While Azure Healthcare Ltd (ASX: AZV) crashed on old-fashioned disappointed expectations. Here's what you need to know about the declines in these stocks.
Slater & Gordon Limited – last traded at $3.67, down 26.7% in the past year
The recent history of Slater & Gordon has gone something like this; market announcement, shares drop $1, market announcement, shares drop $1, market announcement… shares drop $1.
According to Fairfax media reports, the number of shares held for short-selling are currently 8.7% of Slater & Gordon's total float, up from 8% a week ago and a substantial increase from February earlier this year.
With such high short interest and significant uncertainty still remaining over the outcome of the ASIC investigation into SGH, I think investors are better off steering clear of the stock. High share prices have been key to Slater & Gordon's growth by acquisition (funded by share issues) and despite an attractive valuation I think shares could well go lower in the short term.
G8 Education Ltd – last traded at $3.23, down 29.4% in the past year
Lower stock prices are also a concern for G8 investors, this being another company that uses frequent issues to fund growth by acquisition. Investors have been selling out recently over fears that growth has come to a halt and that the company's 6.7%, fully franked dividend may not be sustainable.

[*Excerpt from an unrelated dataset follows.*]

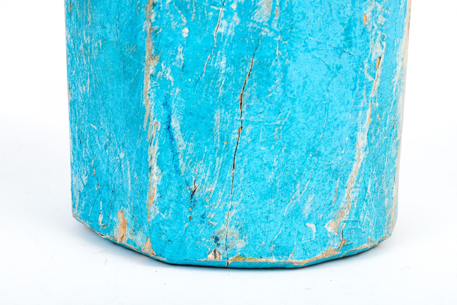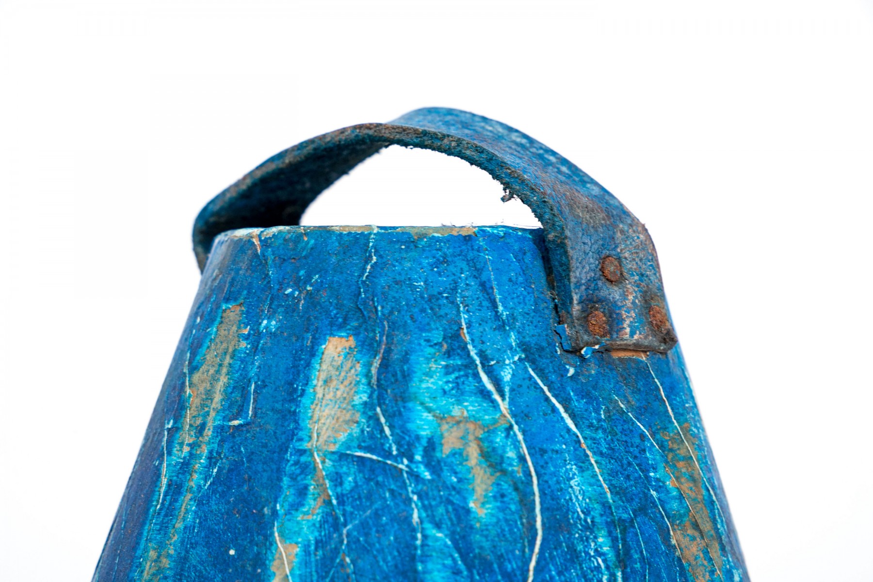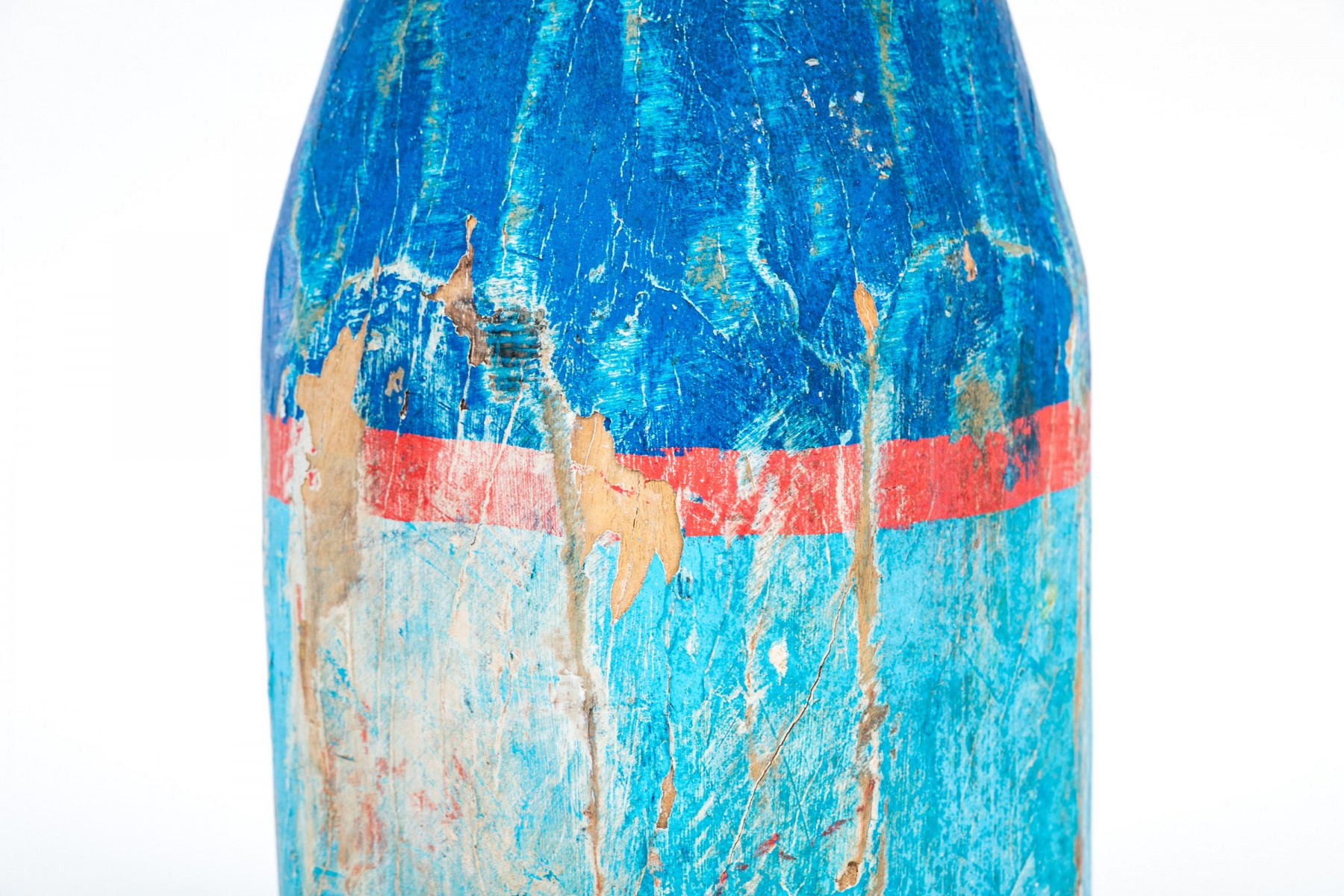 A faceted shape painted two- tone blue with a red stripe and a leather strap on the top.
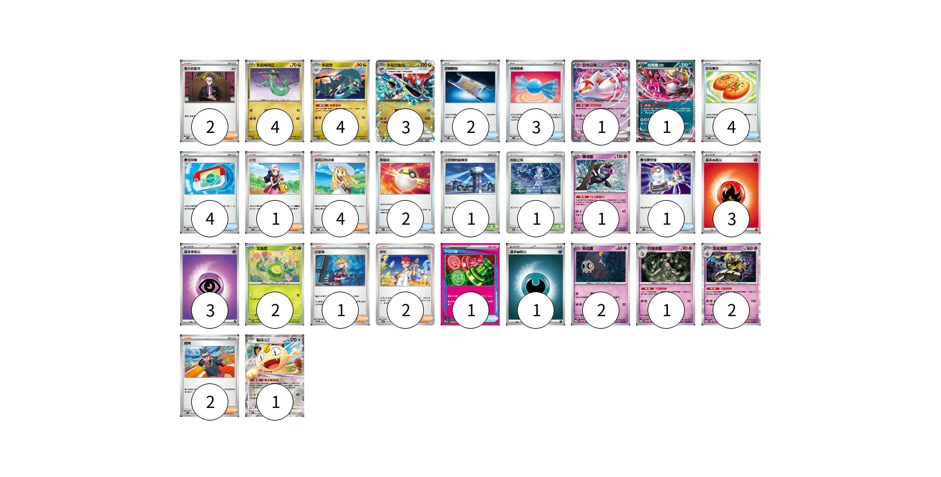 牌組構築方案 以此牌組為基礎新構築牌組 顯示卡面 顯示列表 寶可夢卡(22) 4 4 3 1 1 1 2 2 1 2 1 物品卡(17) 2 3 4 4 2 1 1 支援者卡(12) 2 1 4 1 2 2 競技場卡(2) 1 1 能量卡(7) 3 3 1 寶可夢卡(22) 卡牌名稱 張數 卡牌名稱 張數 多龍梅西亞 MC 546/742 04 多龍奇 MC 547/742 04 多龍巴魯托ex MC 548/742 03 拉帝亞斯ex MC 312/742 01 吉雉雞ex MC 489/742 01 願增猿 MC 358/742 01 含羞苞 M2a 011/193 02 夜巡靈 M2a 072/193 02 彷徨夜靈 M2a 073/193 01 黑夜魔靈 M2a 074/193 02 喵喵ex M3 061/080 01 物品卡(17) 卡牌名稱 張數 卡牌名稱 張數 夜間擔架 MC 670/742 02 神奇糖果 MC 655/742 03 好友寶芬 MC 648/742 04 寶可平板 MC 662/742 04 高級球 MC 651/742 02 寶可夢交替 MC 663/742 01 不公印章 MC 633/742 01 支援者卡(12) 卡牌名稱 張數 卡牌名稱 張數 老大的指令 MC 724/742 02 小光 M2 077/080 01 莉莉艾的決意 MC 729/742 04 白蕾雅 SV7 100/102 01 赤松 SV8a 163/187 02 裁判 MC 711/742 02 競技場卡(2) 卡牌名稱 張數 卡牌名稱 張數 火箭隊的監視塔 M2a 189/193 01 阻礙之塔 SV8a 181/187 01 能量卡(7) 卡牌名稱 張數 卡牌名稱 張數 基本【火】能量 MC FIR 03 基本【超】能量 MC PSY 03 基本【惡】能量 MC DAR 01 以此牌組為基礎新構築牌組 牌組編碼 pYFlyD-rmgDUN-TbyhHV copy 列印牌組單 牌組編碼已複製 分享至SNS

This is a real concern, but so far I have not seen anything that is a deal-breaker for my investment. My biggest question going forward will be how management approaches the business and the low share price going forward.
I will be looking to see some effort to improve the financial performance of existing businesses and a more cautious approach to new acquisitions. In the short-term I think share prices could go lower as investor nervousness over the roll-up strategy grows.
Azure Healthcare Ltd – last traded at $0.14, down 58.8% in the past year
Confession season!
Micro-cap healthcare technology business Azure Healthcare shares plummeted this week after management confessed in a market update update that Net Profit After Tax (NPAT) for the year to June 30 would be substantially lower at $0.8-$1 million compared to $3.87 million in the prior reporting period.
This is a direct result of higher investment in staff and technology in the past year. Azure Healthcare has played it as fuelling growth for the next 12-18 months, but I suspect investors were also disappointed with revenue growth of 12% in the past 12 months.
Shareholders will want to watch how growth plays out over the next 12 months, but Azure shares have taken quite a beating this year and I think they have gone roughly as low as they will go in the absence of further bad news.
Investors searching for tomorrow's success stories have had a keen eye on Azure Healthcare for a while, but there's two more stocks with rapidly growing revenues that are well worth a look at today's prices…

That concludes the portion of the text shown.